As a boy, Mark Haygood disassembled and attempted to rebuild his mother’s household gadgets, including radios and hair dryers. A combination of trial and error in building and a passion for science-fiction led him to create HEX, a four-foot, three-inch, 50-pound, full-sized humanoid robot.
Haygood, now 49 and retired after 22 years as a Baltimore City police officer, always had a penchant for techno gadgets.
“I was the really shy-in-the-basement-building-robots guy,” said Haygood.
Haygood said his robot—made up mostly of mostly household appliances, including a clock radio, fan, and DVD player–is one of few full-sized humanoids in America. According to Merriam-Webster’s Learner’s Dictionary, humanoids is a word used to describe something that is looks or acts “like a human.”

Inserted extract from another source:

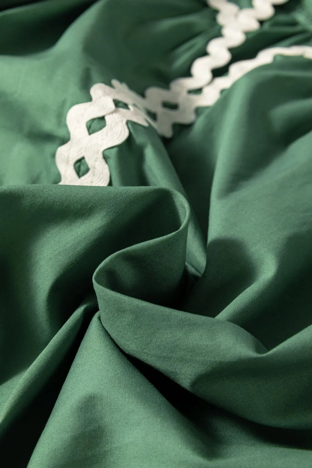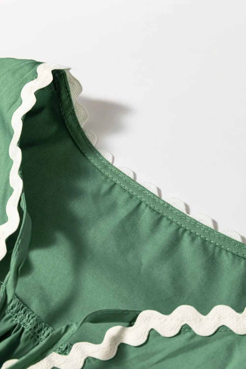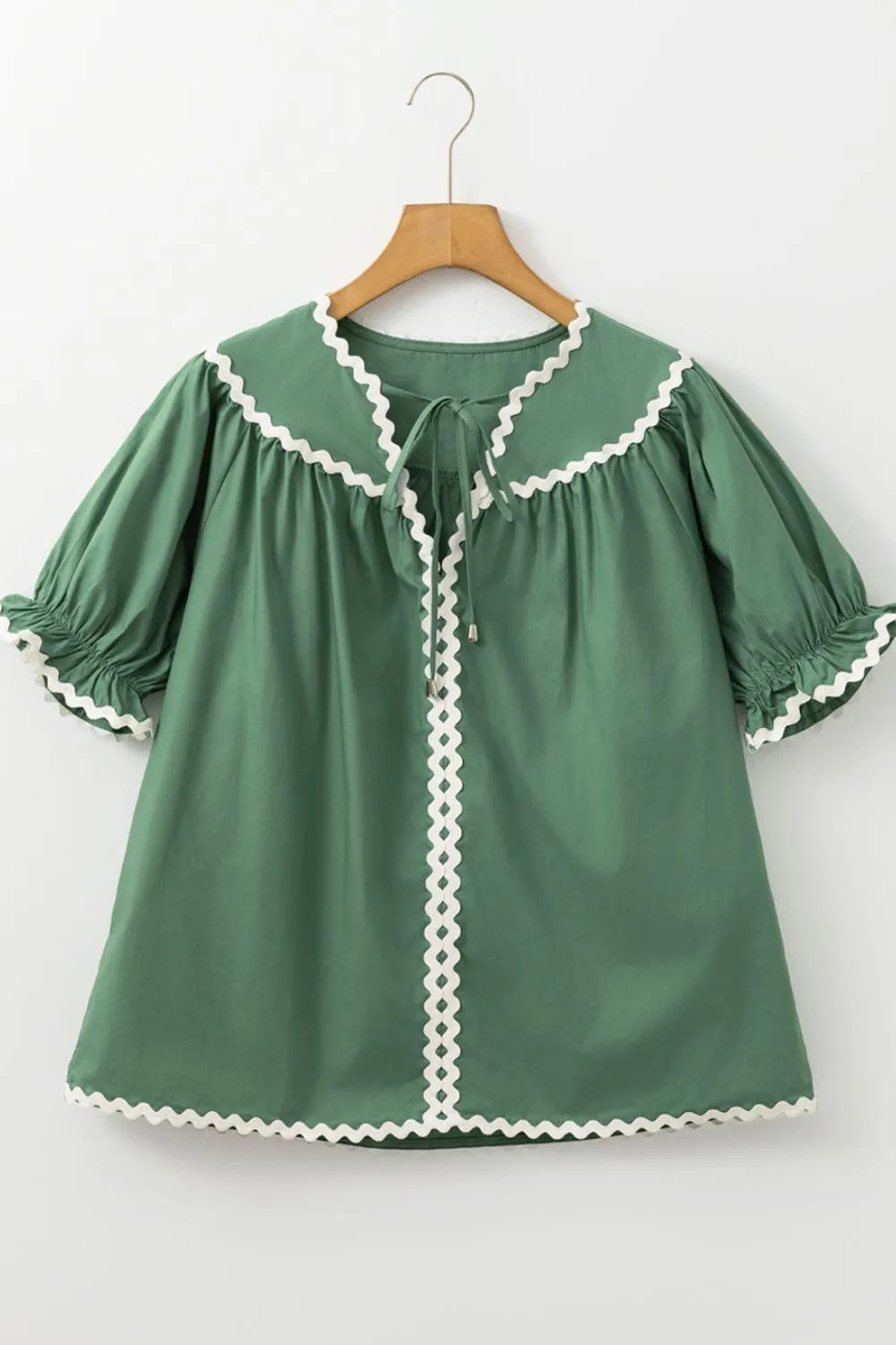 Ric Rac Trim Tie Neck Short Sleeve Blouse

In 2009, Haygood moved to Philadelphia and ran into what quickly became his “favorite” bipedal humanoid robot, Hubo, an advanced, full-body humanoid created by one of the leaders in the field, Professor Jun-Ho Oh, and the Korea Advanced Institute of Science and Technology, according to gizmag, a widely respected magazine catering to new and emerging technologies, invention, innovation, and science news.
Released in 2005, Hubo cost under $1 million to build and is a competitor to Honda’s Aismo, which cost nearly $300 million and took almost twenty years to construct.
During a recent interview with the AFRO at his secluded home in Baltimore County, Haygood, the veteran officer and self-trained roboticist, powered up his human-like machine, equipped with flashing blue-neon lights and 3D-printer-made fingers. His “baby” as he refers to it, has the ability to move its arms and hands, rotate its head and hips, and soon, thanks to a newly installed speech synthesizer, will soon be able to speak.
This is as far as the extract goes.